Object Detection Networks on Convolutional Feature Maps
Shaoqing Ren, Kaiming He, Ross Girshick, Xiangyu Zhang, Jian Sun
TL;DR
This work introduces Networks on Convolutional feature maps (NoCs), a class of region-wise classifiers built on RoI-pooled convolutional features, and demonstrates that a deep, convolutional NoC is essential for high object-detection accuracy. Through extensive ablations on VOC07 with ZF and VGG backbones, it shows that deeper NoCs and conv-based classifiers outperform traditional MLPs and that scale-aware maxout further improves performance. Combining NoCs with Faster R-CNN architectures, including ResNet and GoogLeNet backbones, yields substantial gains on MS COCO and VOC benchmarks, arguing that classifier design on RoI-pooled features is as important as feature extraction depth. The findings advocate integrating deep, convolutional NoCs into modern detectors to achieve top performance on challenging datasets.
Abstract
Most object detectors contain two important components: a feature extractor and an object classifier. The feature extractor has rapidly evolved with significant research efforts leading to better deep convolutional architectures. The object classifier, however, has not received much attention and many recent systems (like SPPnet and Fast/Faster R-CNN) use simple multi-layer perceptrons.
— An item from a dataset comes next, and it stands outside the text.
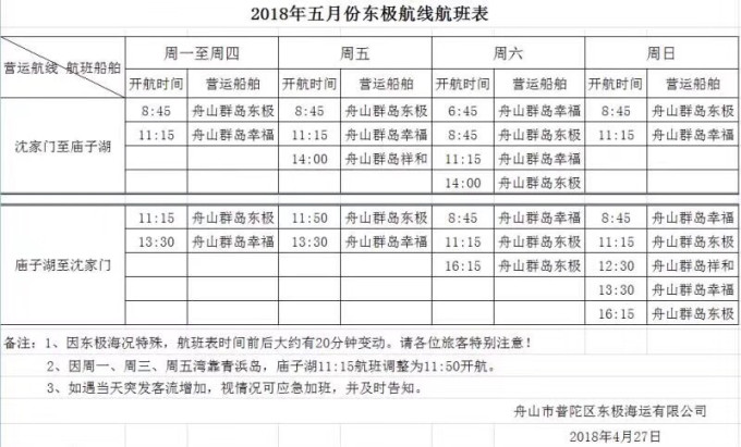 无特殊情况下,工作日航班较为固定,节假日航班会有所增加,具体时间表均可通过各出发码头售票处查看或新浪微博关注“舟山东极岛旅游”。

This paper demonstrates that carefully designing deep networks for object classification is just as important. We experiment with region-wise classifier networks that use shared, region-independent convolutional features. We call them "Networks on Convolutional feature maps" (NoCs). We discover that aside from deep feature maps, a deep and convolutional per-region classifier is of particular importance for object detection, whereas latest superior image classification models (such as ResNets and GoogLeNets) do not directly lead to good detection accuracy without using such a per-region classifier. We show by experiments that despite the effective ResNets and Faster R-CNN systems, the design of NoCs is an essential element for the 1st-place winning entries in ImageNet and MS COCO challenges 2015.